Output exactly the lines that come between the start of the material and the line containing "consta de cómodos", both ends included, with the pictures omitted.

•••••

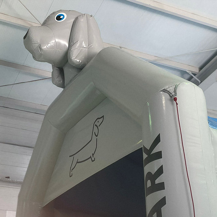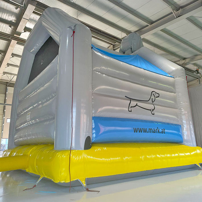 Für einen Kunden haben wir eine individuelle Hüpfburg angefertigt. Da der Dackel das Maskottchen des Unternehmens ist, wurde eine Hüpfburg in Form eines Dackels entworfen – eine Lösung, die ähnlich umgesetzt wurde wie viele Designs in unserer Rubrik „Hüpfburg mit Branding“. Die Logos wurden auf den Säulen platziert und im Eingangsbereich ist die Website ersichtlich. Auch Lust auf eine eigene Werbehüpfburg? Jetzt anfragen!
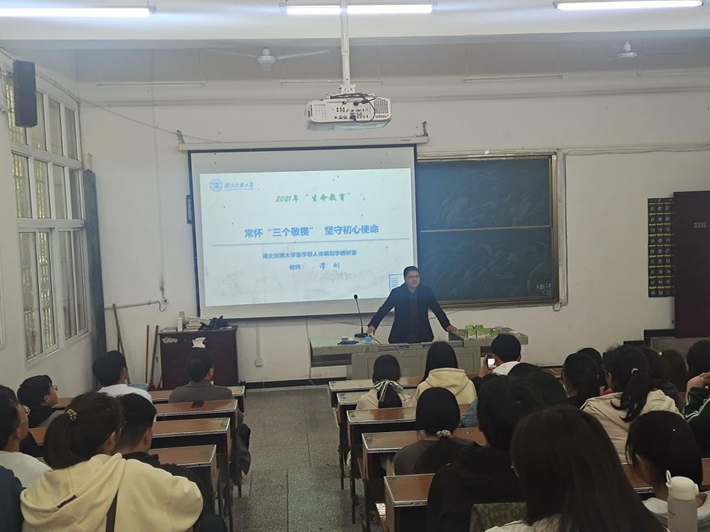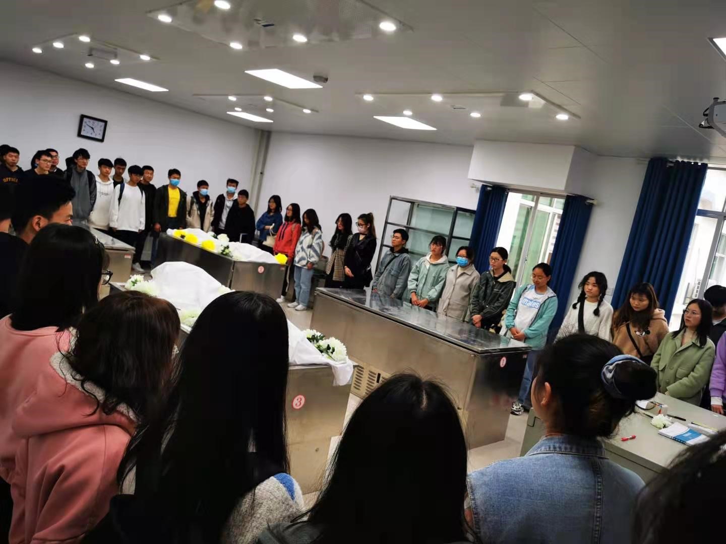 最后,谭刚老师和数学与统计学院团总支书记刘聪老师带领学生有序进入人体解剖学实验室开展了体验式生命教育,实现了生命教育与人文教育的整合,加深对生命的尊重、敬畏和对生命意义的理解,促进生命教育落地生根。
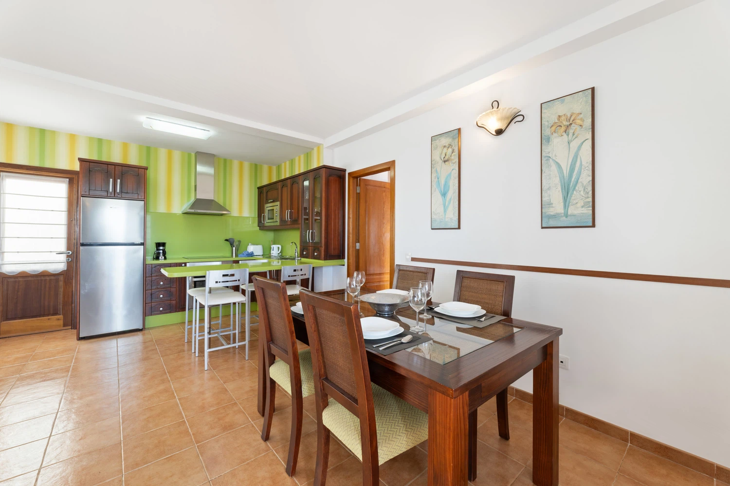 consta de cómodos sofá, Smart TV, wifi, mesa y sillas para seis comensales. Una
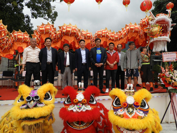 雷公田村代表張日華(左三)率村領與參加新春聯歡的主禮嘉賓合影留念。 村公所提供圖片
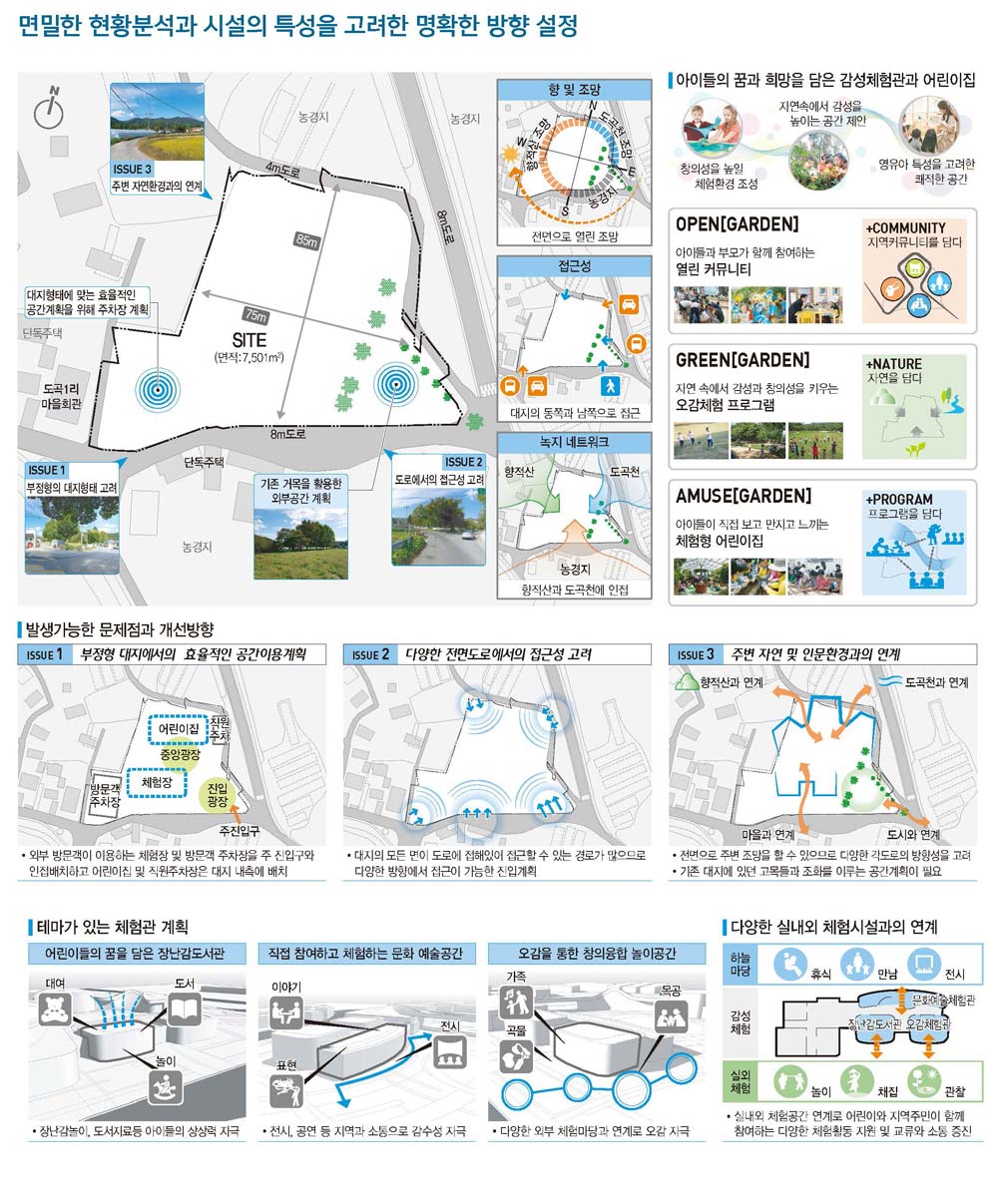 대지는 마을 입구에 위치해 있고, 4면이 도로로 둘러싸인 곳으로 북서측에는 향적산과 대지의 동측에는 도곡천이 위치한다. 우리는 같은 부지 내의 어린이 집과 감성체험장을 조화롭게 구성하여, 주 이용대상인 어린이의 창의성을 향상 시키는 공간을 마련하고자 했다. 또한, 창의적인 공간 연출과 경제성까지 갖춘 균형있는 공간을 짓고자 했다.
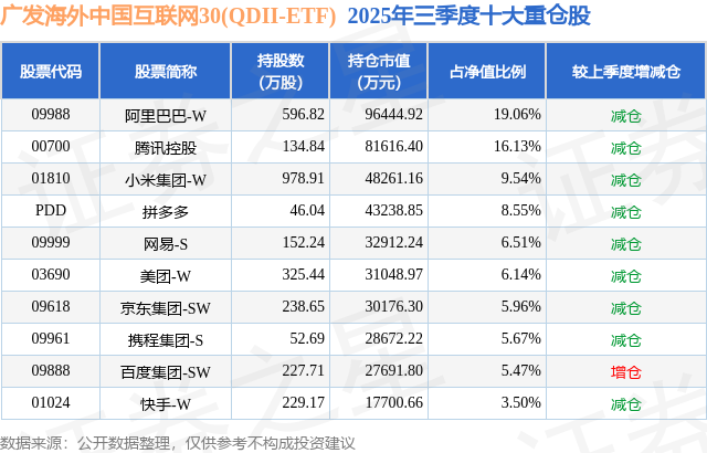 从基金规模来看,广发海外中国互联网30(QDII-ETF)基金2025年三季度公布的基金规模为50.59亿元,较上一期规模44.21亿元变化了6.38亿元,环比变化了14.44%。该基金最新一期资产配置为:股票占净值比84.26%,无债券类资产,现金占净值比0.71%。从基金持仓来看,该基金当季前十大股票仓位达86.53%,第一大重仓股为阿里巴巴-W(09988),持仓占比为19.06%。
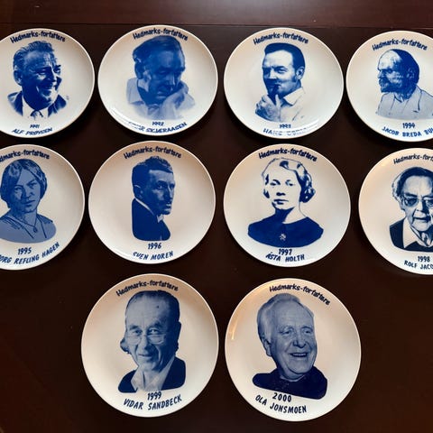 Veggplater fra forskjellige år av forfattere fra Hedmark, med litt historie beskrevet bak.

•••••

◆ **Reply**:
 Für einen Kunden haben wir eine individuelle Hüpfburg angefertigt. Da der Dackel das Maskottchen des Unternehmens ist, wurde eine Hüpfburg in Form eines Dackels entworfen – eine Lösung, die ähnlich umgesetzt wurde wie viele Designs in unserer Rubrik „Hüpfburg mit Branding“. Die Logos wurden auf den Säulen platziert und im Eingangsbereich ist die Website ersichtlich. Auch Lust auf eine eigene Werbehüpfburg? Jetzt anfragen!
 最后,谭刚老师和数学与统计学院团总支书记刘聪老师带领学生有序进入人体解剖学实验室开展了体验式生命教育,实现了生命教育与人文教育的整合,加深对生命的尊重、敬畏和对生命意义的理解,促进生命教育落地生根。
 consta de cómodos sofá, Smart TV, wifi, mesa y sillas para seis comensales. Una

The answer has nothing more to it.